We also note that, for some specific applications, the samples have very similar spatial features across the entire slide (blood smear and Pap smear samples). In this case, we can capture a small amount of training data and perform transfer learning of the reported networks.

We envision several future directions of our work. First, other network architectures can be used for better autofocusing performance. Dilated convolution can be used to expand the receptive field. An optimal neural network architecture can also be designed by the reinforcement learning approach [15]. Second, a better strategy can be used in predicting the focus position of the captured image. In the current implementation, we predict the focus position based on the captured image. One improvement is to use the previous focus positions of other segments to better predict current focus position. Another neural network can be used for this purpose.
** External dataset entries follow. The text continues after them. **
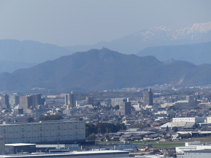 写真中央に金華山「岐阜城」。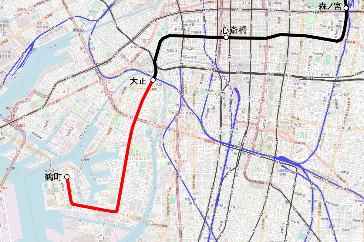 詳細なルートは固まっていない。大正駅から大阪府道の173号大阪八尾線や5号大阪港八尾線などで構成される大正通に沿って南下し、港湾部の鶴町地区に至る。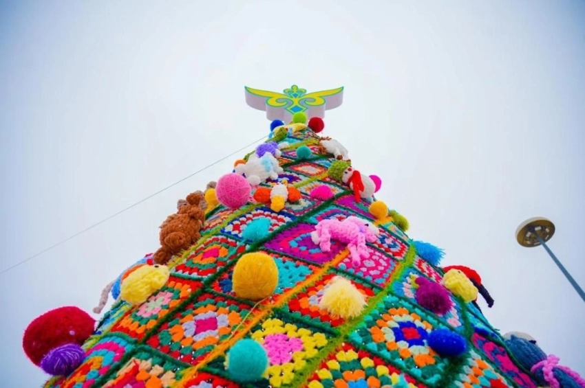 В Астане установили необычную новогоднюю елку — вязаную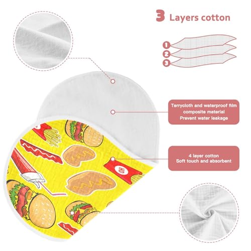 • Premium Material - The Fast Food burp cloth for baby are made of 4 layers of cotton (muslin), Soft and comfortable to the touch, breathable and skin-friendly, for your baby's sensitive skin, highly absorbent and machine washable

The input of this new neural network is the previous and current predictions from the reported networks in this work. The output of this new neural network is a new prediction of the focus position of the current segment based on all information around this segment. Third, the reported approach can be implemented on an embedded GPU integrated system [16]. Fourth, the gap between the same protocol and the different protocol samples stems from the domain adaptation problem in deep learning. How to minimize this gap is an important future direction.